In recent weeks, Qatar has come under criticism once more – this time not for supporting the Muslim Brotherhood, or for the inhumane working conditions of many local labourers, and also not for alleged unorthodox practices when it came to winning the bid for the FIFA World Cup 2022. This time criticism revolves around Qatar’s alleged support for the ‘Islamic State’ (IS) as the world’s current ‘empire of evil’. This time, it is not Qatar’s neighbours who engage in public ‘Qatar-bashing’ but Western politicians, blogs and social media outlets. These unsubstantiated allegations if echoed often enough, might develop into just another cyber-myth surrounding the rich Gulf Emirate.

Based on the populist image that has been drawn by Western media, Qatar is ruled by an ultra-conservative, Wahabist family who ideologically subject the country’s foreign and security policy to spreading radical Islam. In fact, Qatar has supported the Muslim Brotherhood in Egypt and affiliate groups in Libya and Syria; it supports the Brotherhood’s Palestinian offspring Hamas, as well as backed jihadi militants in the Libyan and Syrian Civil War.
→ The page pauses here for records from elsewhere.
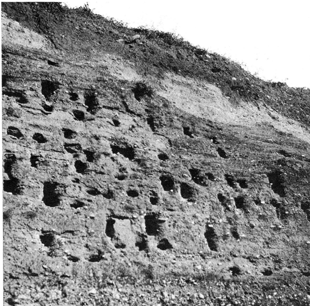
Abb. 2. — Teilansicht der Uferschwalbenkolonie in Ins (Kt. Bern) — Dez. 1965.
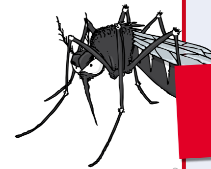
illustrazione zanzara tigre di Giacomo Vianello

Come ogni anno, il Comune si fa promotore dei provvedimenti per la prevenzione e il controllo dell'infestazione della "aedes albopictus", comunemente detta zanzara tigre, attraverso l'ordinanza n°59/2011 del 28 aprile, valida dal 15 maggio al 31 ottobre 2011.
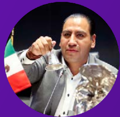
Senador Eduardo Ramírez Presidente de la Mesa Directiva Del Senado de la República
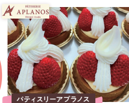
パティスリーアプラノス あまりんタルト
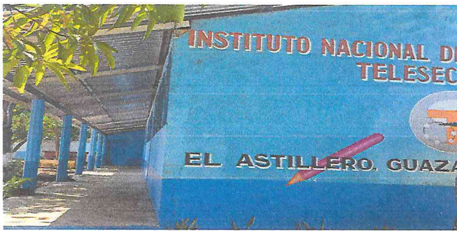
Foto 3. Demolicion y restitution de piso de concreto
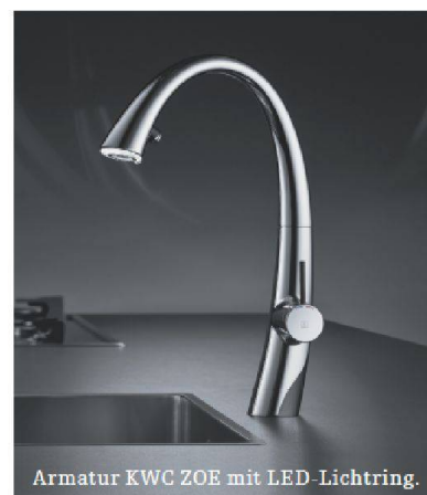
Armatur KWC ZOE mit LED-Lichtring.
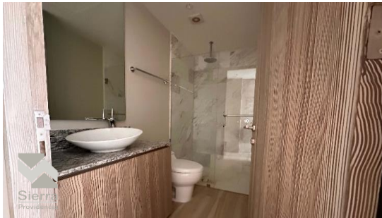
BAÑO TERCER RECÁMARA
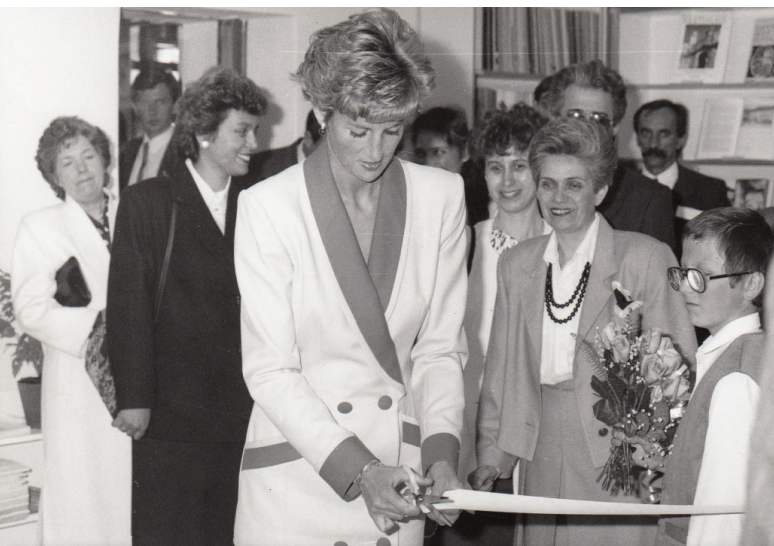
Princezná Diana otvára Oddelenie pre nevidiacich a slabozrakých, 1991

Ľuďom, ktorí majú problém s čítaním klasických kníh, slúži Oddelenie pre nevidiacich a slabozrakých. Oddelenie slávnostne otvorila 8. mája 1991 Diana, Jej kráľovská výsosť princezná z Walesu, ktorá mu darovala prvú čítaciu lupu. Špecializované oddelenie vzniklo pre potreby ľudí so zrakovým znevýhodnením, postupom času svoju pôsobnosť rozšírilo a od roku 2011 poskytuje služby každému, kto nemôže čítať klasické knihy – ľuďom po mozgovej príhode, s epilepsiou, s poruchami učenia, dyslexiou či autizmom. Nachádzajú sa tu dokumenty v Braillovom písme, rôzne pomôcky a zvukové knihy. Špeciálne čítacie lupy, ktoré text priblížia či zobrazia vo výraznom kontraste, oceňujú aj seniori a seniorky. Oddelenie ponúka tiež spoločenské hry pre nevidiacich, kino s audiokomentárom, očné jogu a iné aktivity. Je dostupné bezbariérové a nevidiacich naviguje pri vstupe zvukový maják.
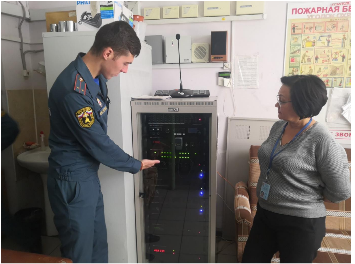
ОНДПР Центрального района 18.10.2019
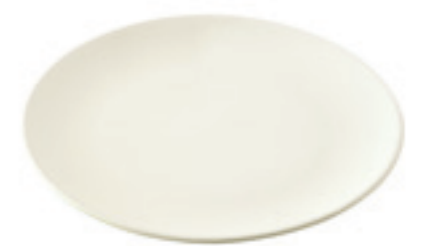
Teller Eierschale Ø 20 cm ● Eierschalenweiss 32240
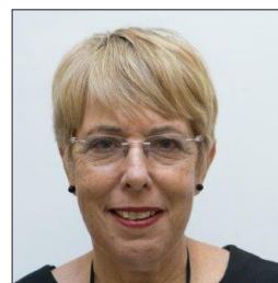
דבר מנהלת מחוז תל אביב
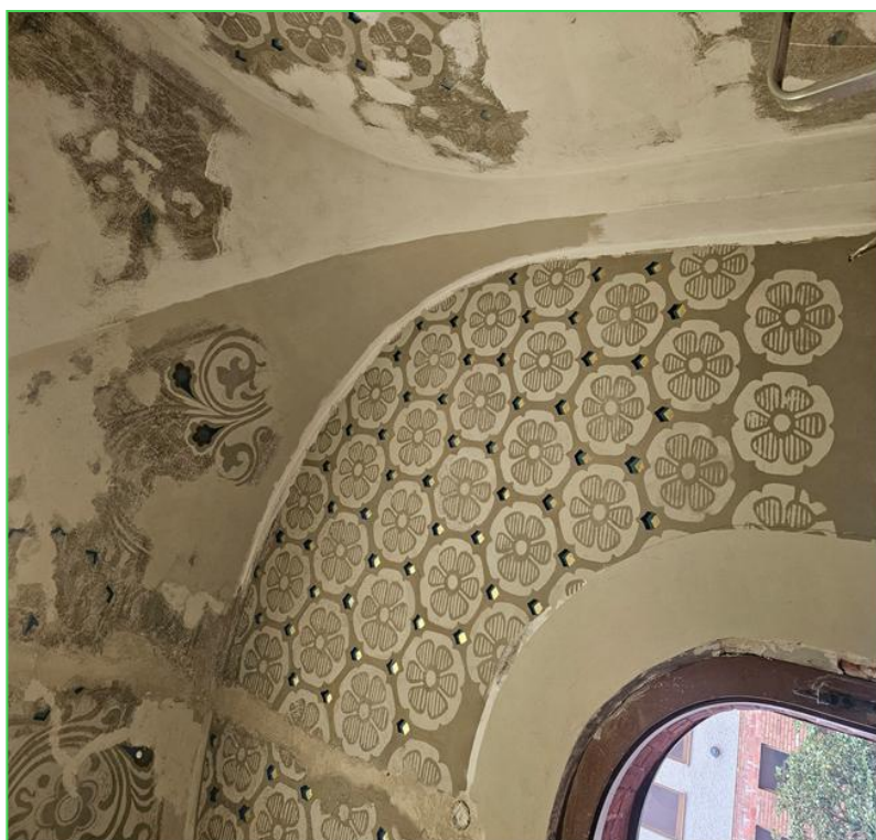
Prace konserwatorskie – w zakrystii Kościoła w Cekcynie

W 2025 roku w Kościele Parafialnym pw. Podwyższenia Krzyża Św. w Cekcynie kontynuowano prace restauratorskie i konserwatorskie głównie w zakrystii kościoła. Konserwator sztuki dokonała odtworzenia malowideł ściennych do stanu pierwotnego. Zadanie było finansowane ze środków Parafii. Poniższe zdjęcia prezentują stan wykonanych prac w zakrystii kościoła.
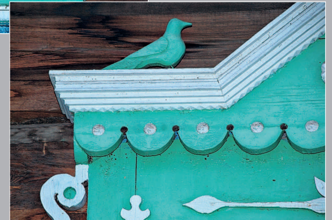
45–48 (11). Очелья окон, украшенные деревянными фигурами птиц. Село Карам Казачинско-Ленского района Иркутской области. Фото 1996 г.
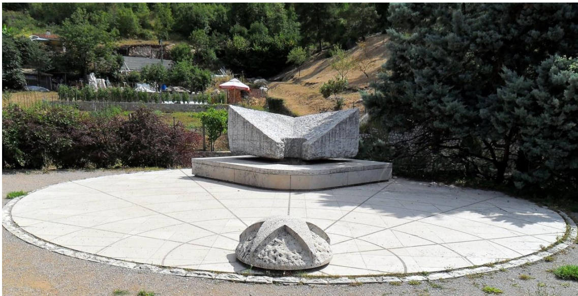
Slika 22: Vlasta Šušanj: Spomenik palim borcima, Škurinje, (1980.)
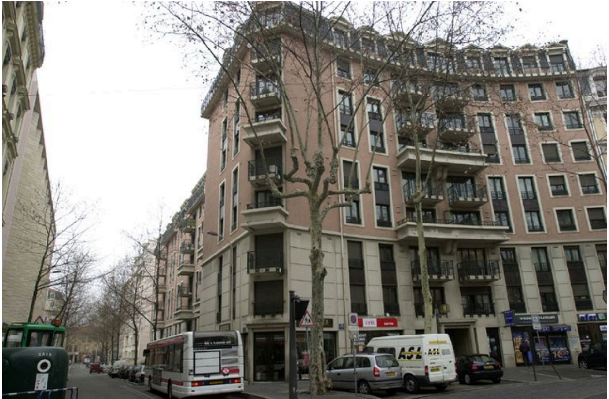
Vue du croisement avec la rue Jean-Marie-Chavant
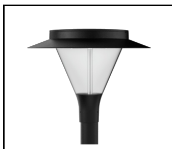
SKVER Daszek wzór 1 RAL9005 (435522)
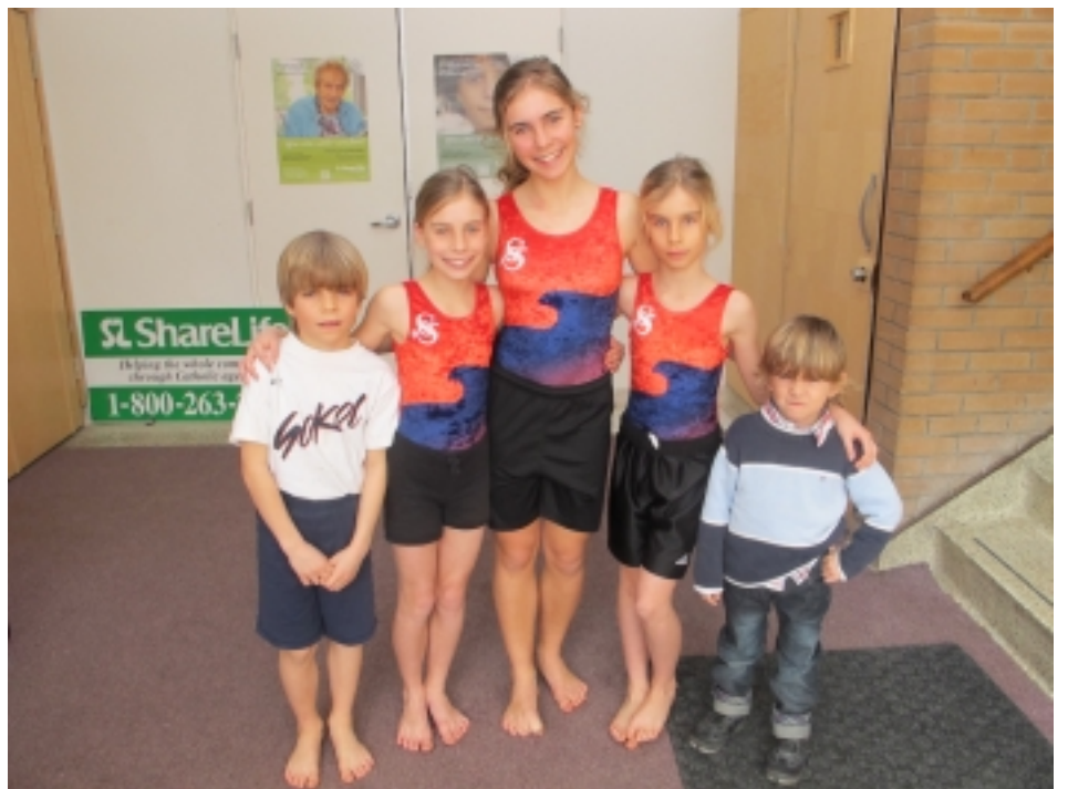
...A JEJICH DĚTI (POUZE NEJMLADŠÍ CHYBÍ)
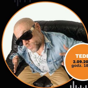
TEDE 2.09.2023 godz. 18:30
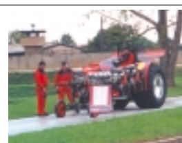
För den stressade bonden – en dragster!! T.v och nedan: Studiebesöksgruppen under ledning av OP Maskiner besöker kurorten Bad Salzelmen där salt utvinns ur underjordisk källa och anses ha positiva hälsoeffekter!
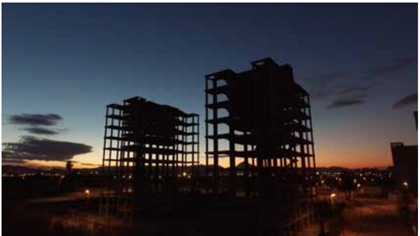
HUESO Y HORMIGÓN 2016 VIDEO HD MONOCANAL CON SONIDO ESTÉREO 9'20 MIN
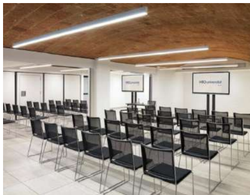
SALA RAMBLA CATALUNYA – DISPOSIZIONE A TEATRO

Based on this observation experts believe to have identified a trend whereby Qatar’s foreign and security policy is increasingly ideologically motivated by radical Islamist considerations. In so doing, media reports lump together Islamist political parties, charity organizations or religiously motivated opposition forces and Al Qaeda. More recently, in many reports, particularly at the more conservative end of the spectrum, the distinction between political Islam and global jihadi organizations such as IS, completely vanished. Despite its development into an established, respected and sustainable political power in the Arab World, political Islam and its role in the Arab public sphere has been discredited. Yet, it is important to differentiate between those Islamists that primarily cater for the inclusive provision of public goods or adl (social justice), and those subordinating common good with brute force to the fanaticism of a minority. Although IS has realized in the meantime that the administration of territory and people requires more than terror and brute force, its mujahedeen nonetheless belong to the latter group.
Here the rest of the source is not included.